WORK TO COMPLETE
Return the lines below exactly, please, from the one containing "鞋柜的下层门建议用百叶门,因" through the last one, both included, and leave out any pictures.

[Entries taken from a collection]
BEGIN

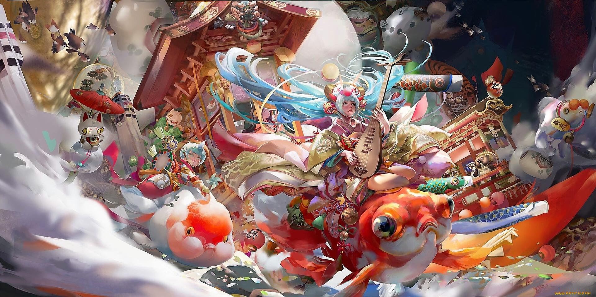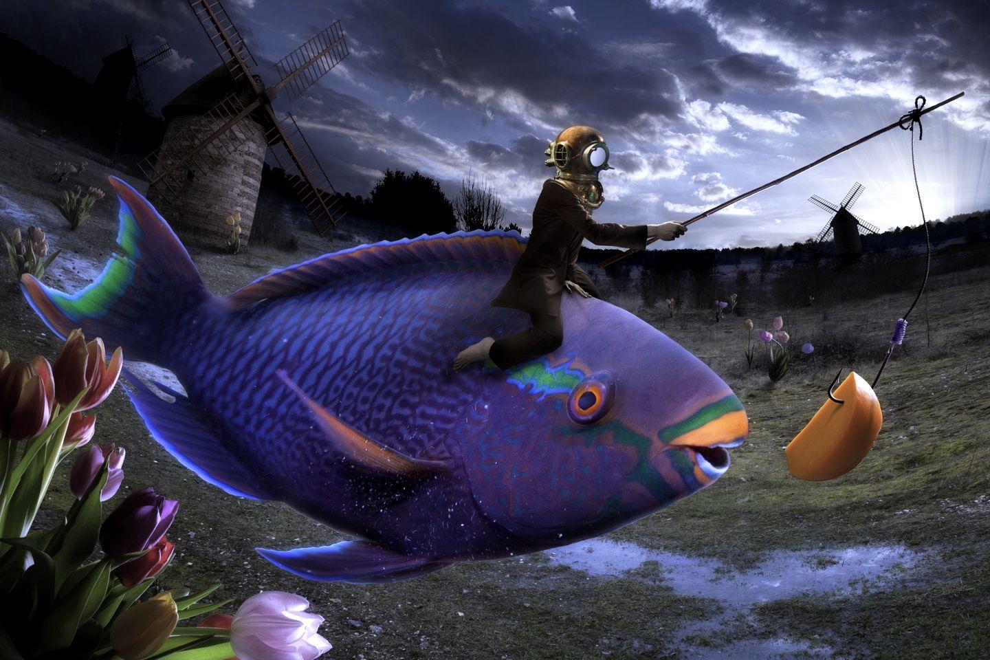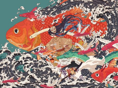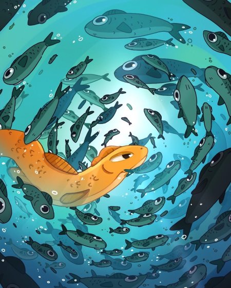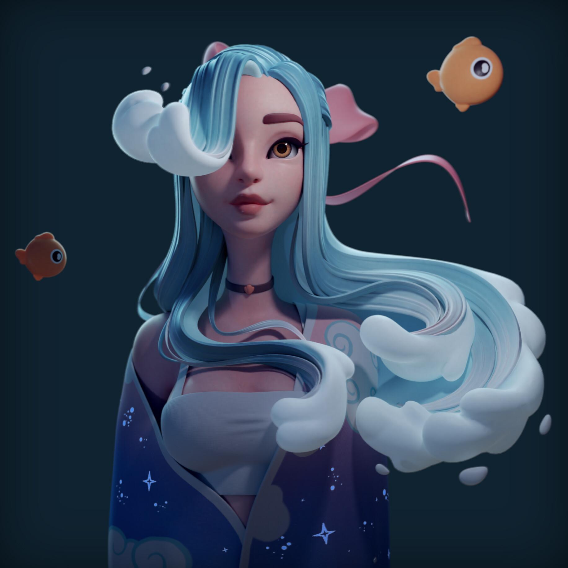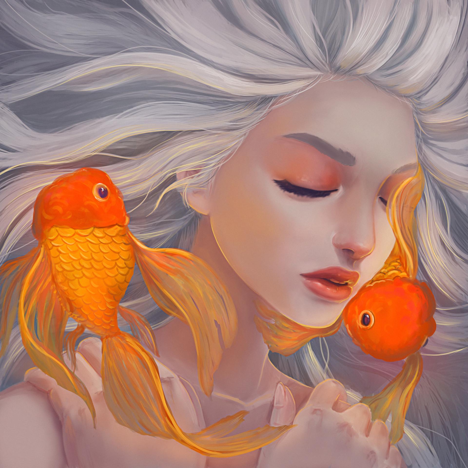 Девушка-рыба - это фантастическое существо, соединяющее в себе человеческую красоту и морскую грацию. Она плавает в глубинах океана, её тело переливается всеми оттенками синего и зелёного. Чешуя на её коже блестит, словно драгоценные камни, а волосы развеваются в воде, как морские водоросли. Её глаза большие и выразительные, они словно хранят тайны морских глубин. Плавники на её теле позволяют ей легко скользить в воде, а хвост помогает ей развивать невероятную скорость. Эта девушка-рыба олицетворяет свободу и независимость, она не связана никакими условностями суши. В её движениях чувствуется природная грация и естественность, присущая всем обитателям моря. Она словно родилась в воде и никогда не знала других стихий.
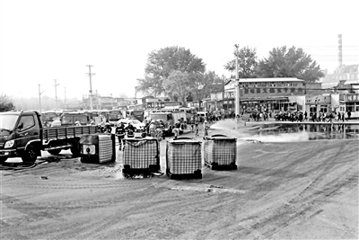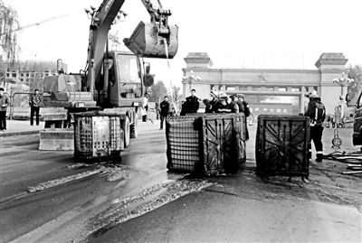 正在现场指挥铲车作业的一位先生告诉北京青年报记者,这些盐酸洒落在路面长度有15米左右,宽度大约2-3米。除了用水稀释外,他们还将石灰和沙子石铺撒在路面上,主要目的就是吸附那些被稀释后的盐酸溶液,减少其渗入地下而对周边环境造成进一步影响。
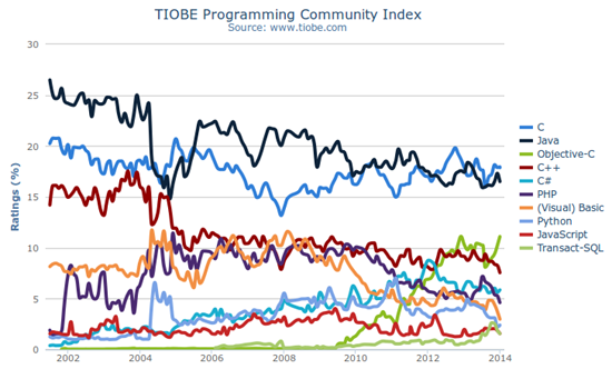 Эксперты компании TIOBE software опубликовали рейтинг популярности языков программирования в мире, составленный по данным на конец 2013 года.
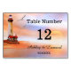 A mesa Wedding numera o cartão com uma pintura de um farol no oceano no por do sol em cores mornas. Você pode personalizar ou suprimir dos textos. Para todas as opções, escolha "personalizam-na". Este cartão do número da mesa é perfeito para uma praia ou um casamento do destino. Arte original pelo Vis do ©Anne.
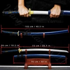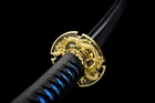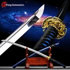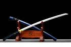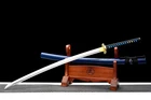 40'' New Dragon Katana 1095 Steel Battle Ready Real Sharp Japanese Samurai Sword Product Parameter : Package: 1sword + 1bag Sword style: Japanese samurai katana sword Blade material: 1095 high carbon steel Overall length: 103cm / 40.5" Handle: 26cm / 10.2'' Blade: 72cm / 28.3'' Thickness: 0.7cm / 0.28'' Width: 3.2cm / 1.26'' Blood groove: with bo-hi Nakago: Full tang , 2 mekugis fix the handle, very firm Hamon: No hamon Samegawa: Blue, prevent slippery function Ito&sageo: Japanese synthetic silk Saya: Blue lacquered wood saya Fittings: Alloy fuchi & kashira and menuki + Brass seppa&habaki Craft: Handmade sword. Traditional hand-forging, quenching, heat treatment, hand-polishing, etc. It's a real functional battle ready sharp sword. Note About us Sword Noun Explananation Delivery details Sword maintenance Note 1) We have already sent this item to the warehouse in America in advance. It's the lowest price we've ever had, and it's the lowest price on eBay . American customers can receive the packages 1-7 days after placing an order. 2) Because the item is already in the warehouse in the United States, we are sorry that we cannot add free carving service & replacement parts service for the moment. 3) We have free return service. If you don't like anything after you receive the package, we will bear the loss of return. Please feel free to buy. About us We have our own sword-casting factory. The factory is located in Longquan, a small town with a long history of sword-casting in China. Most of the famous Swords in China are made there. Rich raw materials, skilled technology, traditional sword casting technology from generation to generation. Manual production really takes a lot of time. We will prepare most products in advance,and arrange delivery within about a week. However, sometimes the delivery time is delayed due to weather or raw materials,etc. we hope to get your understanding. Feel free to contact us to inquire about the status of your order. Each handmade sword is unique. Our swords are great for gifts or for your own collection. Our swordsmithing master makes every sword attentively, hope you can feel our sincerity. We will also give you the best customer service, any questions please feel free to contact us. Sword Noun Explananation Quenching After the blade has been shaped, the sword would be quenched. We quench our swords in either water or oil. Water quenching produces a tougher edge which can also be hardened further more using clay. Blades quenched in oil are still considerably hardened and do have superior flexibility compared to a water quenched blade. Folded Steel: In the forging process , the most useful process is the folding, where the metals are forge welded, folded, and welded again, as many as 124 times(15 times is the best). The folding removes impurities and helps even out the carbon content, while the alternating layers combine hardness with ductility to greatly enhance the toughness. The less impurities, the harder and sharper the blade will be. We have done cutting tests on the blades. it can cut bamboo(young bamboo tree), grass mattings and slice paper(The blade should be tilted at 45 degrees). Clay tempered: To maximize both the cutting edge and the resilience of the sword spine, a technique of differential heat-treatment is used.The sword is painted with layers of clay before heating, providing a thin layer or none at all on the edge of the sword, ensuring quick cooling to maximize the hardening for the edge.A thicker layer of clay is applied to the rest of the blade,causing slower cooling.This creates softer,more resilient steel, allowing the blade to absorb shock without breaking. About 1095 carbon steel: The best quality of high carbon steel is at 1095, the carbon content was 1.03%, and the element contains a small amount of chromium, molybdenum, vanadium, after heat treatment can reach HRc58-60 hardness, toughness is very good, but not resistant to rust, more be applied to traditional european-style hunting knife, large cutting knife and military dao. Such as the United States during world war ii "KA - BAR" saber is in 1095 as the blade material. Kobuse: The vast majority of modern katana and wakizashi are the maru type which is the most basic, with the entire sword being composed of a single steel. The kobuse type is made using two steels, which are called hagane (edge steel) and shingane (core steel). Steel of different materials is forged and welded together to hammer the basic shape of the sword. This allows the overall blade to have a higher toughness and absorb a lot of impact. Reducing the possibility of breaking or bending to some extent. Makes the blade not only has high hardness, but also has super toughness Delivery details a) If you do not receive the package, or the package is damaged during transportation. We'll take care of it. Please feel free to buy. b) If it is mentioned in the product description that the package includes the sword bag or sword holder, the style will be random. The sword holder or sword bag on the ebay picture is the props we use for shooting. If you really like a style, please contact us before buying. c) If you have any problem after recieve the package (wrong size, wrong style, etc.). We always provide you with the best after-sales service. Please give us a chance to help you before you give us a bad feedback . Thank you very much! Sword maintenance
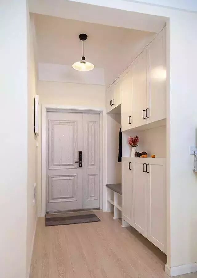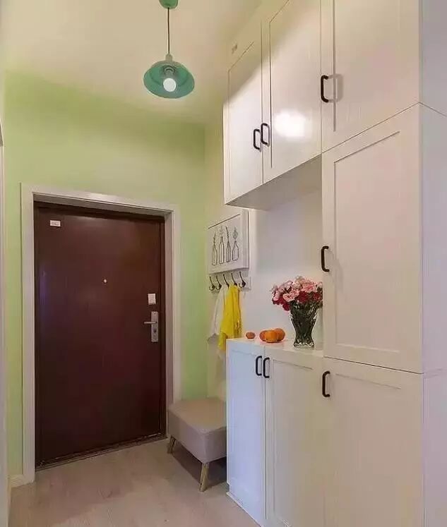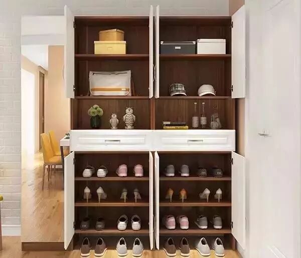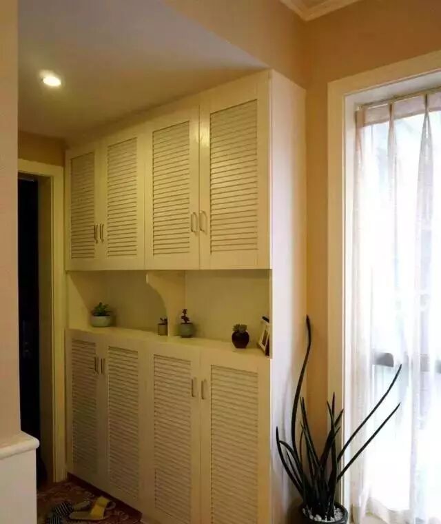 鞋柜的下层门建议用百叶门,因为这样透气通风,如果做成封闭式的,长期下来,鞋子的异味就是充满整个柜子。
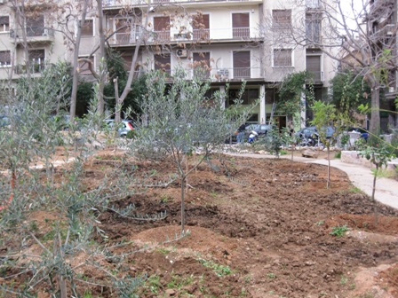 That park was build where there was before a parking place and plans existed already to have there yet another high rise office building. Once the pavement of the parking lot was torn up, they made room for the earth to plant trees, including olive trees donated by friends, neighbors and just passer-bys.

END

TASK RESPONSE
 鞋柜的下层门建议用百叶门,因为这样透气通风,如果做成封闭式的,长期下来,鞋子的异味就是充满整个柜子。
 That park was build where there was before a parking place and plans existed already to have there yet another high rise office building. Once the pavement of the parking lot was torn up, they made room for the earth to plant trees, including olive trees donated by friends, neighbors and just passer-bys.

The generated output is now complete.